Kristin Moriah (@DarkStars_) is an Assistant Professor of English at Queens University and a partner with the Penn State Center for Black Digital Research. Her research interests include Sound Studies and black feminist performance. Her research has been supported by fellowships from the Social Sciences and Research Council of Canada, the Rare Book School at the University of Virginia, and the Harry Ransom Center.
Shirley Moody-Turner (@docmoodyturner) is an Associate Professor of English and African American Studies at Penn State University. She is a founding co-director, with Gabrielle Foreman, of the Center for Black Digital Research and the soon-to-launch Black Women’s Organizing Archive. Her works focuses on recuperating often buried forms of nineteenth and early twentieth century Black women’s intellectual, literary, and social activism. She is the author or editor of four books: Black Folklore and the Politics of Racial Representation, Contemporary African American Literature: The Living Canon (with Lovalarie King), African American Literature in Transition 1900-1910, and the forthcoming Penguin Portable Anna Julia Cooper. She is currently at work on a biography of Anna Julia Cooper.
Curtis Small (@CurtisSmall) is a librarian and coordinator of public services for the special collections department at University of Delaware Library, Museums and Press. In this position, he coordinates the reference, instruction and exhibition programs, and also serves as a curator for the rare book collections. In 2017, Curtis curated the exhibition Issues and Debates in African American Literature at UD Library. In 2019, he was a co-organizer of the Black Bibliographia conference, also at University of Delaware. As a proud team member of the Colored Conventions Project, Curtis works on permissions and outreach. He has also done scholarly research on the print history of the Colored Conventions Movement and the importance of Haiti within the movement. Curtis also works to increase racial diversity among professionals in the fields of archives and Special Collections. He holds a PhD in French from New York University and an MLIS degree from the School of Library and Information Science at Simmons University.

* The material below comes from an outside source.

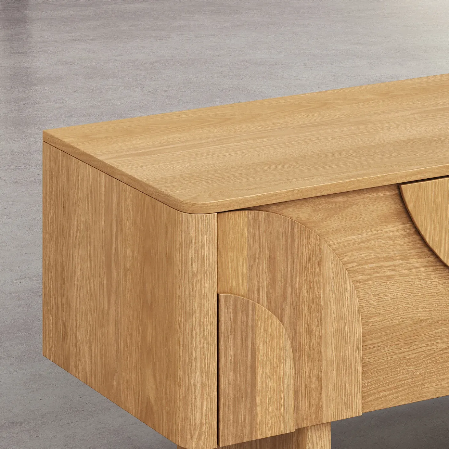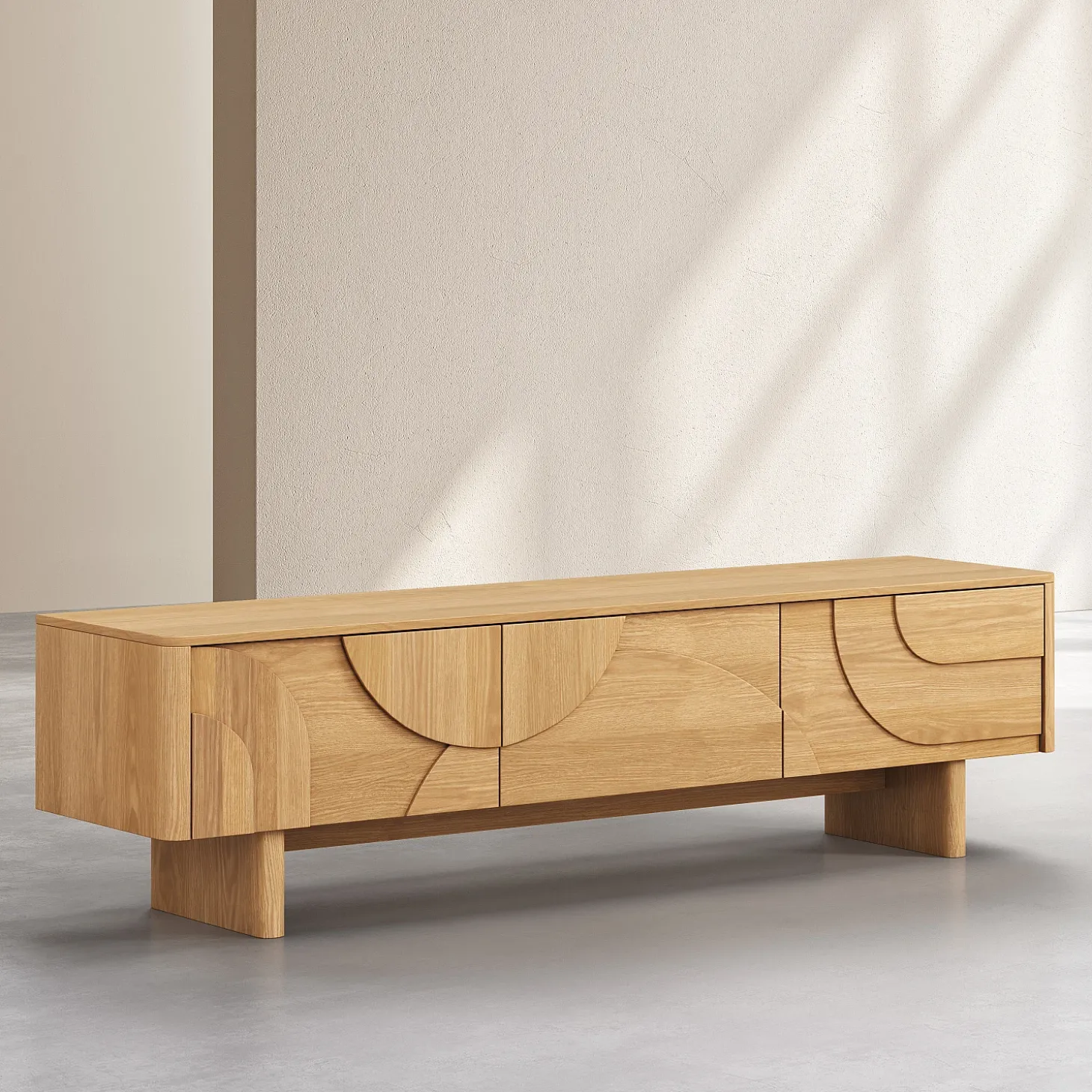 Le meuble TV Milord en chêne clair est doté de trois tiroirs parfaits pour camoufler les équipements multimédia. Sa ligne basse allège visuellement l’espace et permet de structurer le salon avec justesse.

Elizabeth Watts Pope is curator of books and digitized collections at the American Antiquarian Society. She works to connect people to their history by providing access to printed and digitized sources, especially focusing on under-documented groups. Elizabeth has presented widely on early American subjects including black self-publishing, Hawaiian printing, and women’s commonplace books. She has an M.A. in History from the University of Connecticut.
Kevin Wisniewski (@projectorperiod) is the director of Book History and Digital Initiatives at the American Antiquarian Society. He manages the Program in the History of the Book in American Culture (PHBAC) and coordinates efforts to create and maintain digital access to collections and to foster partnerships with the larger academic community. Wisniewski previously taught in the English Department at the University of Maryland. He holds M.A. degrees from the University of Pennsylvania and the University of Baltimore and a Ph.D. from UMBC.